Microsoft Fabric Dataflows Gen2 is a powerful self-service, cloud-based data preparation technology that allows you to efficiently transform and shape your data. In this blog post, we’ll explore what Dataflows Gen2 is, how to create and use it, and provide practical examples with code snippets.
What is Microsoft Fabric Dataflows Gen2?
Dataflows Gen2 is an integral part of Microsoft Fabric, designed to streamline data preparation tasks. It enables users to extract, transform, and load (ETL) data from various sources into a structured format suitable for downstream analytics, reporting, or machine learning. Here are some key features:
- Self-Service: Dataflows Gen2 empowers business users and data engineers to create data pipelines without extensive coding knowledge.
- Cloud-Based: Hosted in the cloud, it seamlessly integrates with other Azure services.
- Data Transformation: Perform data transformations using a visual interface.
- Data Profiling: Understand your data better with built-in profiling tools.
- Data Orchestration: Easily incorporate dataflows into your data pipelines.
How to Create a Dataflow Solution
Let’s walk through the steps to create your first Dataflow Gen2 solution:
Prerequisites
Before you start, ensure you have the following:
- Microsoft Fabric Tenant Account: Sign up for a Microsoft Fabric account if you haven’t already.
- Microsoft Fabric-Enabled Workspace: Create a workspace within your Microsoft Fabric environment.
Creating a Dataflow
- Navigate to Your Workspace: Access your Microsoft Fabric workspace.

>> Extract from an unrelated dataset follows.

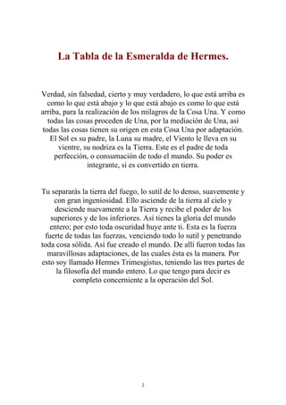 La Tabla de Esmeralda de Hermes Trismegisto - - Arte y simbolismo - Universidad de Barcelona Aunque se atribuye a la legendaria figura helenística Herm Trismegisto, el texto de la Tabla de meralda aparece por primera vez en varias fuent árab... Hermes Trismegisto La Tabla De Esmeralda De - - Arte Y La Tabla Esmeralda Pdf La Tabla de Esmeralda de Hermes Trismegisto Presentación de las dos versiones más conocidas de la Tabla de esmeralda, traducidas por Juan Graal. Se trata de la versión del «Kitâb sirr al-Halîka», de Apolonio de Tiana, con las citas de Ibn Umayl, conocido en latín como Senior Zadith y la llamada Vulgata latina procedente de «De Alchemia
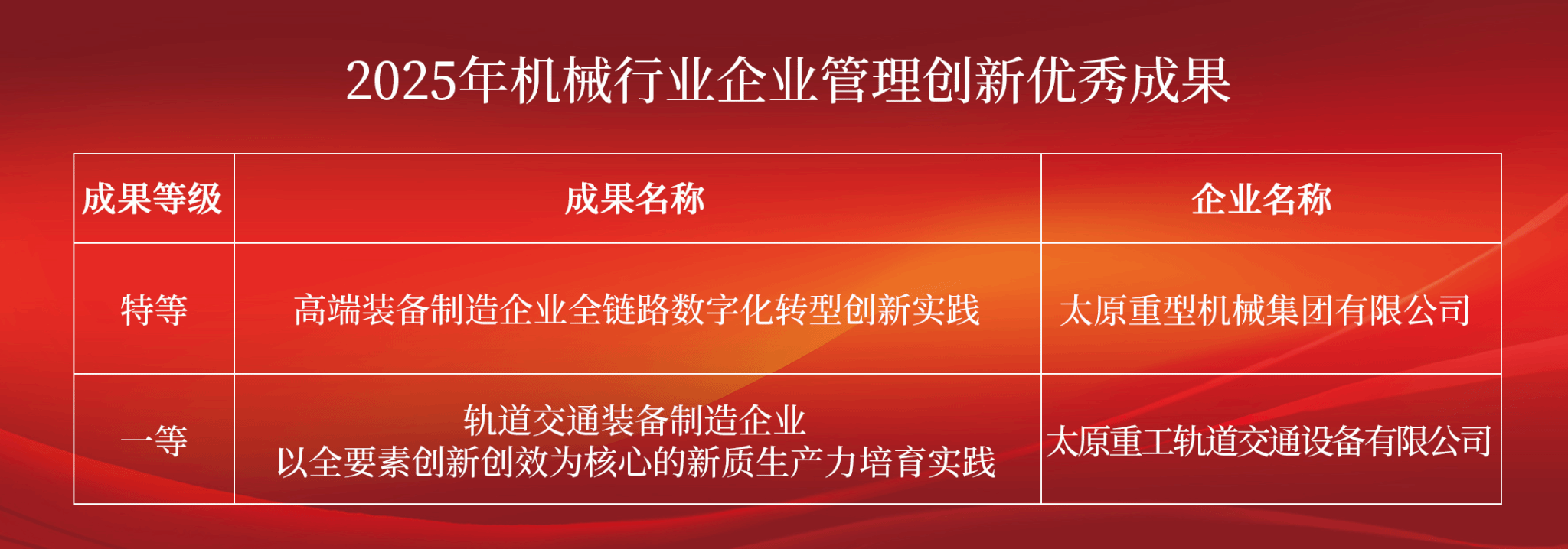 改革之路,創(chuàng)新筑基!近日,中國機械行業(yè)企業(yè)管理協(xié)會正式發(fā)布2025年機械行業(yè)企業(yè)管理創(chuàng)新優(yōu)秀成果名單,太重兩項成果榮耀上榜,分別獲得特等獎和一等獎。

- Create a New Dataflow Gen2:
- Click “New” and select “Dataflow Gen2.”
- This opens the dataflow editor.
Getting Data
In our example, we’ll retrieve data from an OData service. Follow these steps:
- In the dataflow editor, click “Get data” and select “More.”
- Choose “Other > OData” as the data source.
- Enter the URL 1 for the OData service (e.g., Northwind sample data).
- Select the relevant tables (e.g., “Orders” and “Customers”) and create your dataflow.
Applying Transformations
Now that you’ve loaded data into your dataflow, let’s apply transformations:
- Enable Data Profiling Tools:
- Navigate to Home > Options > Global Options.
- Ensure the Data Profiling tools are enabled.
- Use Power Query Editor:
- Within the “Orders” table, calculate the total number of orders per customer:
- Select the “CustomerID” column and choose “Group By” under the Transform tab.
- Perform a count of rows as the aggregation.
- Combine data from the “Customers” table with the count of orders per customer:
- Use the “Merge queries” transformation.
- Configure the merge operation by matching the “CustomerID” column.
- Within the “Orders” table, calculate the total number of orders per customer:
Publishing Your Dataflow
- Once transformations are complete, publish your dataflow.
- You can now incorporate this dataflow into your data pipelines.
Example: Including Dataflow in a Pipeline
Suppose you have an Azure Data Factory pipeline. To include your dataflow:
- Create a Pipeline:
- Define your pipeline in Azure Data Factory.
- Add a Dataflow Activity:
- Within the pipeline, add a Dataflow activity.
- Select your previously created Dataflow Gen2.
- Configure any additional settings (e.g., scheduling, dependencies).
Microsoft Fabric Dataflows Gen2 simplifies data preparation, making it accessible to a broader audience. Whether you’re transforming data for reporting, analytics, or machine learning, Dataflows Gen2 provides a user-friendly experience with powerful capabilities.